An urn contains 20 white and 10 black balls. 4 balls are taken out, and each ball taken out is returned to the urn before the next one is drawn and the balls in the urn are mixed. Find the probability that out of the four balls drawn there will be 2 white balls in Figure 1.

Picture 1.

Decision. Let the event A be that -- a white ball is drawn. Then the probabilities $D (A)=\frac(2)(3) ,\, \, D (\overline(A))=1-\frac(2)(3) =\frac(1)(3) $ .

According to the Bernoulli formula, the required probability is $D_(4) (2)=N_(4)^(2) \left(\frac(2)(3) \right)^(2) \left(\frac(1)( 3) \right)^(2) =\frac(8)(27) $.

Answer: $\frac(8)(27) $.

Example 3

Determine the probability that a family with 5 children will have no more than 3 girls. The probabilities of having a boy and a girl are assumed to be the same.

Decision. Probability of having a girl $\partial =\frac(1)(2) ,\, q=\frac(1)(2) $-probability of having a boy. There are no more than three girls in a family, which means that either one, or two, or three girls were born, or all boys in the family.

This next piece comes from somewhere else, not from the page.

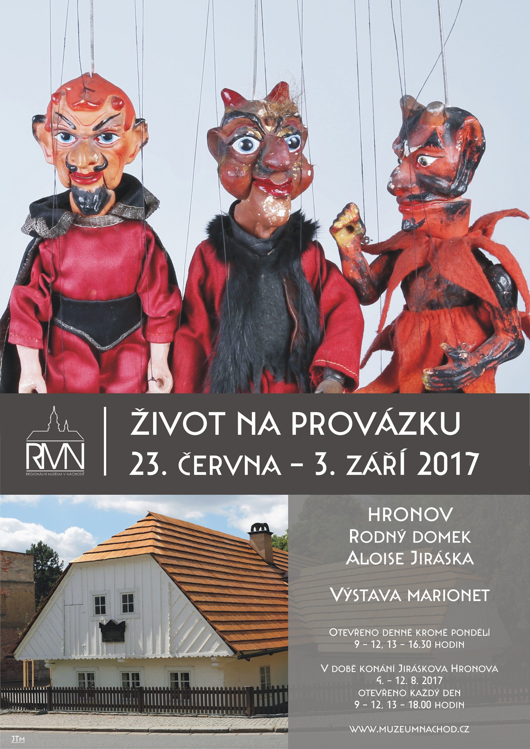Regionální muzeum v Náchodě Vás zve od 23. června do 3. září 2017 do Rodného domku Aloise Jiráska v Hronově na výstavu marionet nazvanou „Život na provázku“.
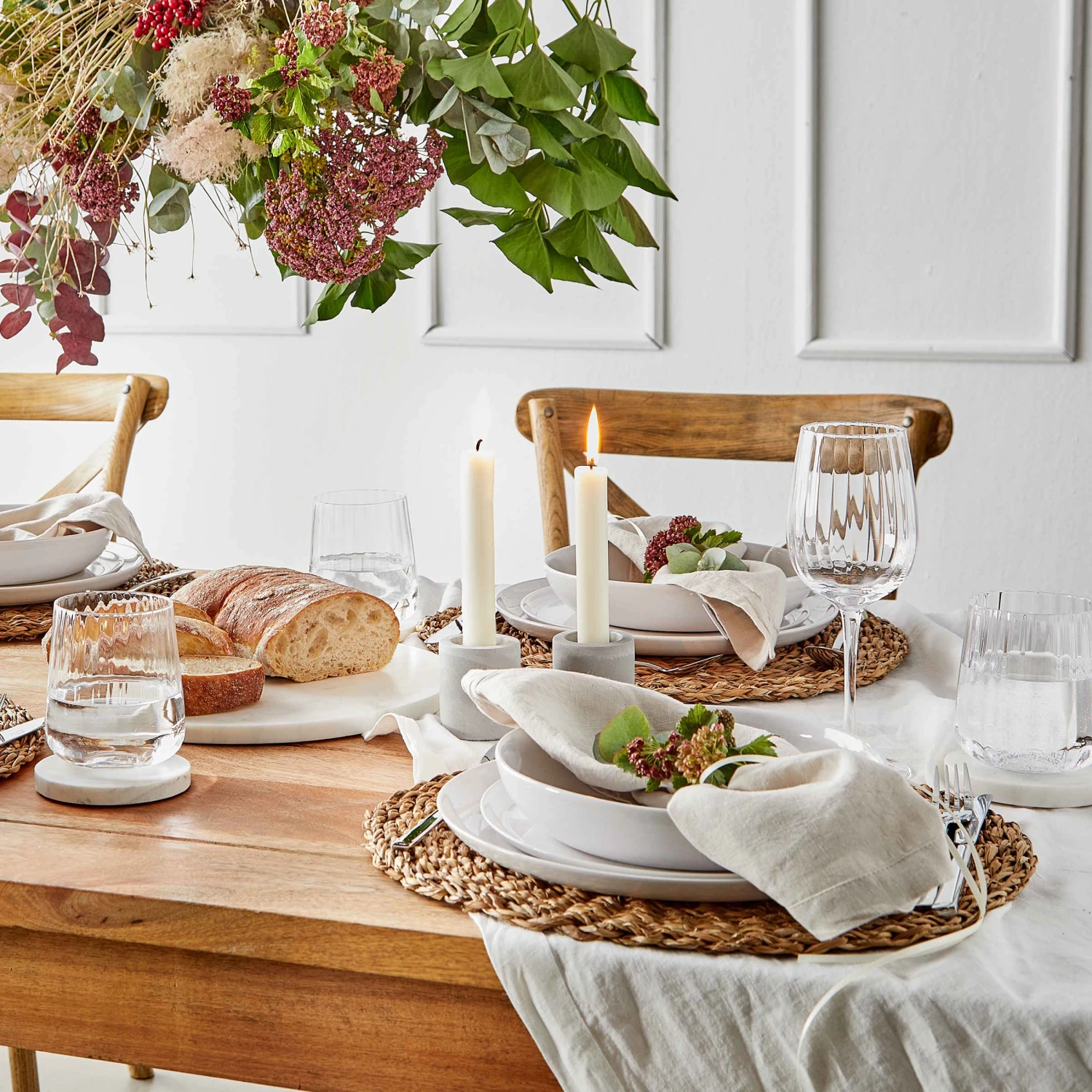 Außergewöhnliche Gläser wie das mundgeblasene Modern Times Weißweinglas 400 ml mit Rillen im 6er-Set sind der Hingucker auf dem festlich gedeckten Tisch. Bei dieser neuen Glasserie von Butlers fällt vor allem die außergewöhnlich blumige Form ins Auge, sie wirkt edel und elegant. Was Ihnen beim Tisch decken außerdem auffallen wird: Das Trinkglas lässt sich vielseitig kombinieren und fügt sich harmonisch in die verschiedensten Tischdekos ein. Passend dazu sind ein Wasserglas, ein Rotweinglas und eine Champagnerflöte erhältlich.

Find the probabilities that there are no girls in the family, one, two or three girls were born: $D_(5) (0)=q^(5) =\frac(1)(32) $,

\ \ \

Therefore, the required probability is $D =D_(5) (0)+D_(5) (1)+D_(5) (2)+D_(5) (3)=\frac(13)(16) $.

Answer: $\frac(13)(16)$.

Example 4

The first shooter with one shot can hit the top ten with a probability of 0.6, the nine with a probability of 0.3, and the eight with a probability of 0.1. What is the probability that, with 10 shots, he will hit ten six times, nine three times, and eight eight times?